ASSIGNMENT »
In the records below, reproduce exactly the lines from the one containing "Albania has $15.2B" through the one containing "周囲の環境にも配慮して、外壁", both included, and omit the pictures.

TASK DATA »
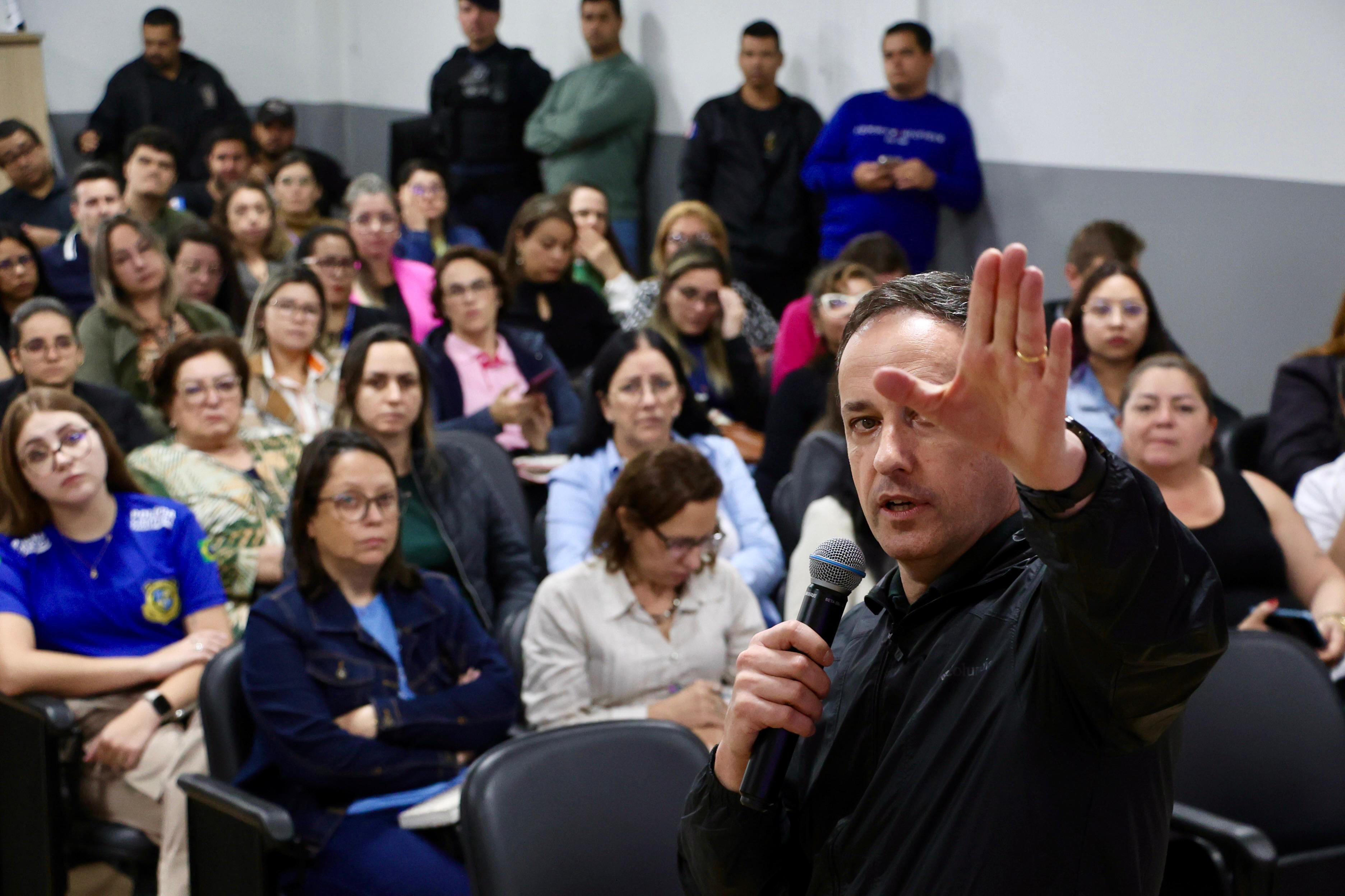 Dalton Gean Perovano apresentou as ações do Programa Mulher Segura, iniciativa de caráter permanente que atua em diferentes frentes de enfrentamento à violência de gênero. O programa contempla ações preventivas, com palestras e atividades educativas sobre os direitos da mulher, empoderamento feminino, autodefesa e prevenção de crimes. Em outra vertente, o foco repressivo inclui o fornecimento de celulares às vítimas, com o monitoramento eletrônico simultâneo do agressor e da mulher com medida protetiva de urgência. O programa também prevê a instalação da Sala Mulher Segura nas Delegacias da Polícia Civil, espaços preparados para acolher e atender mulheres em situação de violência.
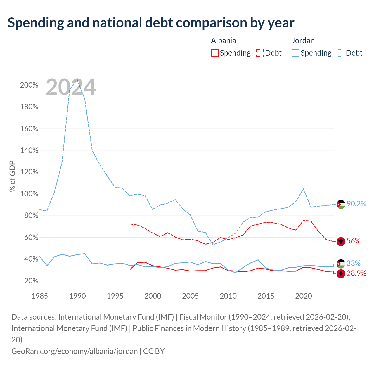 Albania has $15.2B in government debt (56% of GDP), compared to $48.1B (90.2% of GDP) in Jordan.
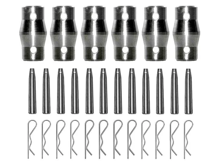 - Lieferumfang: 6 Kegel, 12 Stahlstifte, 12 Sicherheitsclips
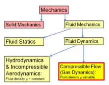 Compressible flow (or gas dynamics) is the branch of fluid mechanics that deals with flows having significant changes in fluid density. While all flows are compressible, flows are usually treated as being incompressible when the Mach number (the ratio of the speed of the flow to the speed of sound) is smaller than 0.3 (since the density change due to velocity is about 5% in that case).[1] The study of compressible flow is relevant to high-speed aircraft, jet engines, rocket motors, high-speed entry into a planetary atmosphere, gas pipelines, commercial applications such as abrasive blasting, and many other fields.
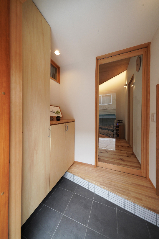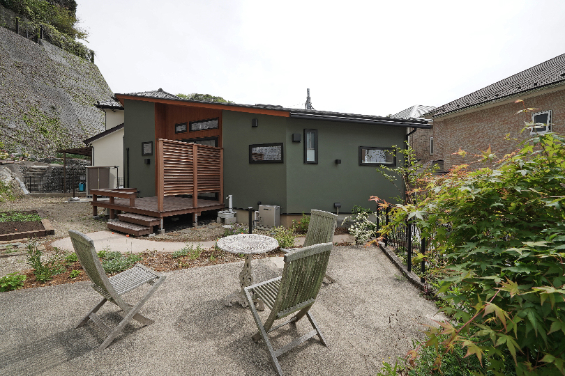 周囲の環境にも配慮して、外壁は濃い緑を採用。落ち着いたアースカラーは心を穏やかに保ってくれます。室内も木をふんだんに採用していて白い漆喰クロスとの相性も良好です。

==

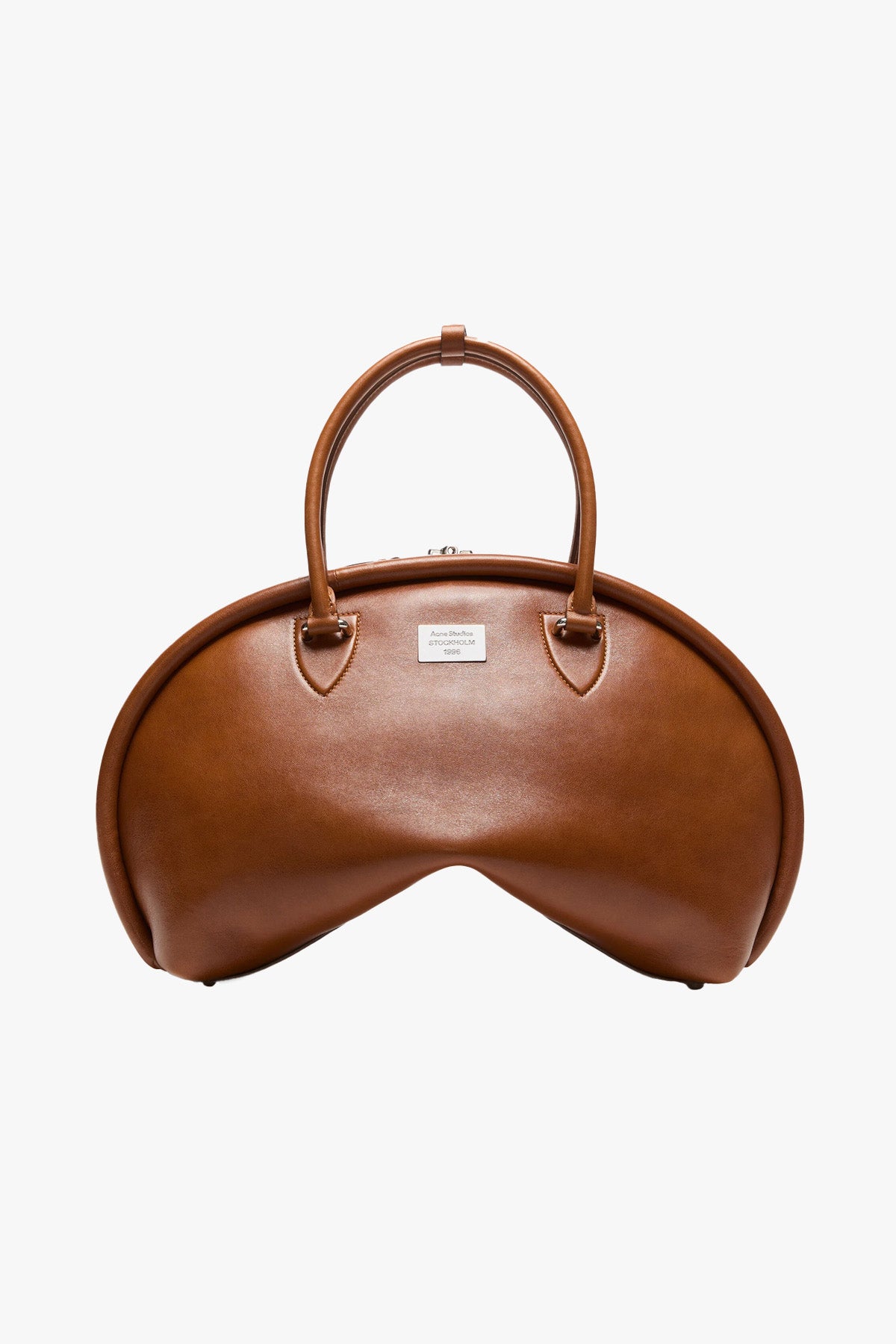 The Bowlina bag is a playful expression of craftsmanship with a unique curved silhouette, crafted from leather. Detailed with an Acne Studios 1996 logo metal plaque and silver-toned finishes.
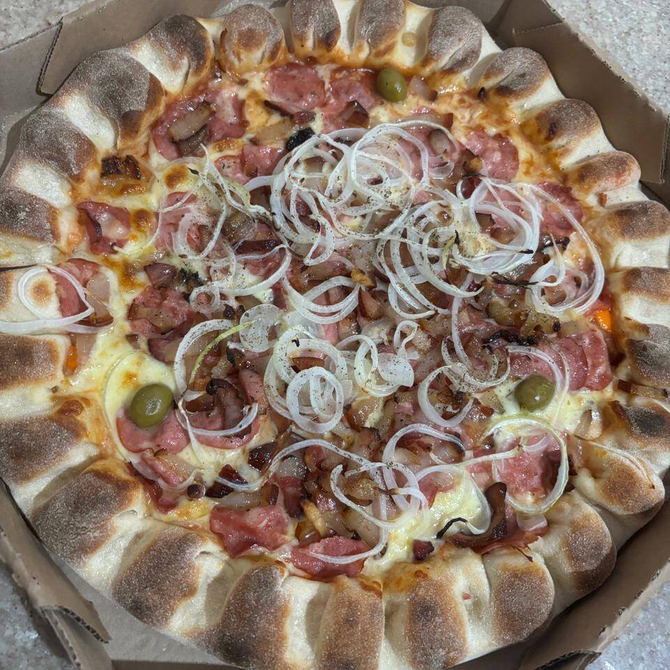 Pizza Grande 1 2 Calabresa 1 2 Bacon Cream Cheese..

EXERCISE RESPONSE »
 Albania has $15.2B in government debt (56% of GDP), compared to $48.1B (90.2% of GDP) in Jordan.
 - Lieferumfang: 6 Kegel, 12 Stahlstifte, 12 Sicherheitsclips
 Compressible flow (or gas dynamics) is the branch of fluid mechanics that deals with flows having significant changes in fluid density. While all flows are compressible, flows are usually treated as being incompressible when the Mach number (the ratio of the speed of the flow to the speed of sound) is smaller than 0.3 (since the density change due to velocity is about 5% in that case).[1] The study of compressible flow is relevant to high-speed aircraft, jet engines, rocket motors, high-speed entry into a planetary atmosphere, gas pipelines, commercial applications such as abrasive blasting, and many other fields.
 周囲の環境にも配慮して、外壁は濃い緑を採用。落ち着いたアースカラーは心を穏やかに保ってくれます。室内も木をふんだんに採用していて白い漆喰クロスとの相性も良好です。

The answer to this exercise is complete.